Yesterday, David Parker – in his capacity as transport minister – unveiled the government’s long-term priorities for roading and transport infrastructure, including new busways, train lines and major new motorways.
It would be paid for, in part, by “modest” increases to fuel tax – four cents per year – alongside billions in other funding.
But, as detailed in The Bulletin, National took aim at the proposed tax rise and said it wouldn’t do the same until inflation is back below 3%. (Labour then retaliated, saying that inflation is due to be back below 3% at about the same time as the proposed fuel tax rise would come into place – something of an own goal).
Speaking to RNZ this morning, Parker said that people wanted reduced traffic congestion and understood that it needed to be paid for somehow. “Of course we have to spend more on maintenance… we’ve already pumped a billion dollars extra into that this year and road users have to pay part of that,” he said.

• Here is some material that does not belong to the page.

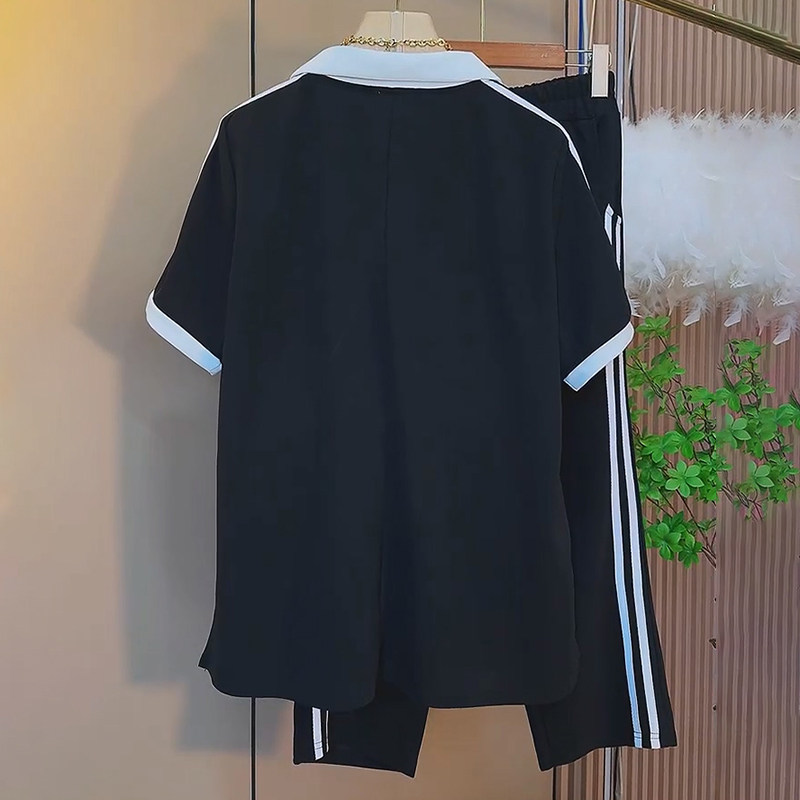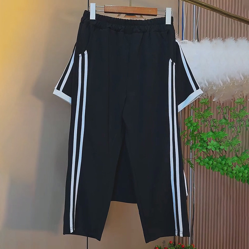 大码条纹半袖T恤衫长裤两件套胖MM夏季新款短袖上衣裤子韩版套装
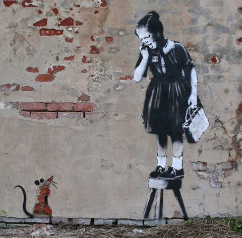 뱅크시는 영국 작가로 단순히 벽화만 그리는것이 아니라 전쟁, 폭력을 비판하는

He doubled down on his criticism of National, asking how it would propose to pay for roading projects without asking the public for a little extra. “The National Party say that they’re not going to increase these fuel taxes: Well how are they going to pay for it? Is it magic money? How would you pay for it,” he asked RNZ host Corin Dann.
When it was suggested that more tolls could be used, Parker noted that National had opposed a toll being used on the Penlink extension north of Auckland. “I actually agree some roads should be tolled but you can’t do that for general road maintenance or to recover your public transport costs.”
As for whether the government would choose not to act on raising fuel tax should inflation not lower to predicted levels – or whether they may actually remove fuel excise again – Parker said he didn’t think that would be the case. “I’ve got great confidence that inflation is already coming down and it’s predicted by the Reserve Bank by September next year to be in the 1% to 3% range,” he said.